▶ [TASK OBJECTIVE]: The lines below from the one with "Pertandingan antara Spanyol" up to and including the one with "Velocity profile of" are what you should set down, exactly and without pictures.

▶ [SUPPLIED DATA]:
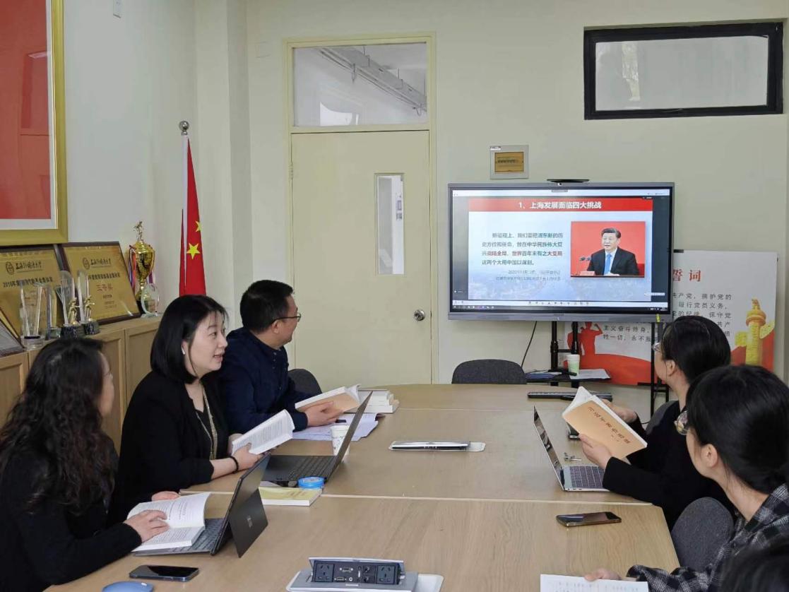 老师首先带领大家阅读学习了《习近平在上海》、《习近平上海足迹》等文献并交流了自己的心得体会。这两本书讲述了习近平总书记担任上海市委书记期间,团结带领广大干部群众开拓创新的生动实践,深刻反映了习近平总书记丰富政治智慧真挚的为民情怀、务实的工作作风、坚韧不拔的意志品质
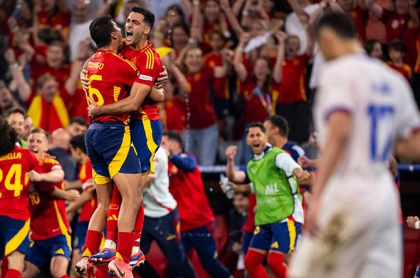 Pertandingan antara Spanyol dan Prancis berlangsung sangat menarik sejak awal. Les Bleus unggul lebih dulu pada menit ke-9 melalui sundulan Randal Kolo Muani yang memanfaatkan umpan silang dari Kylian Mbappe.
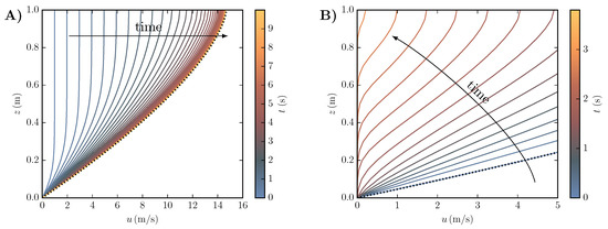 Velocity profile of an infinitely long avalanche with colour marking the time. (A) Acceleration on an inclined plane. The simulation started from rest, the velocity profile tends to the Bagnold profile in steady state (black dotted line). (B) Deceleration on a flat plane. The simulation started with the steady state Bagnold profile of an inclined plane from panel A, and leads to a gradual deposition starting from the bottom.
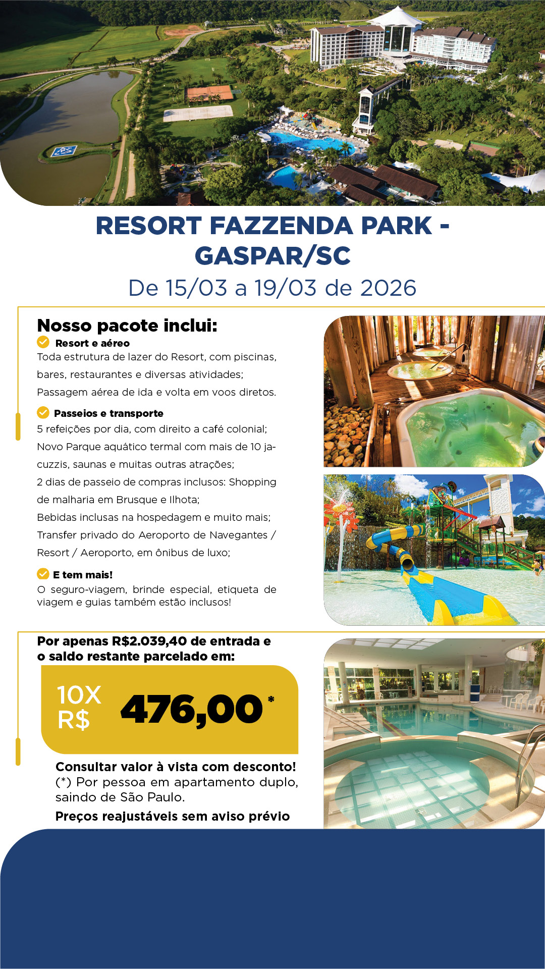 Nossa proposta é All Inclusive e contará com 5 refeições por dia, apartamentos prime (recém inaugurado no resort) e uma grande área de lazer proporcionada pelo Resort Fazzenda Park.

▶ [TASK OUTPUT]:
 Pertandingan antara Spanyol dan Prancis berlangsung sangat menarik sejak awal. Les Bleus unggul lebih dulu pada menit ke-9 melalui sundulan Randal Kolo Muani yang memanfaatkan umpan silang dari Kylian Mbappe.
 Velocity profile of an infinitely long avalanche with colour marking the time. (A) Acceleration on an inclined plane. The simulation started from rest, the velocity profile tends to the Bagnold profile in steady state (black dotted line). (B) Deceleration on a flat plane. The simulation started with the steady state Bagnold profile of an inclined plane from panel A, and leads to a gradual deposition starting from the bottom.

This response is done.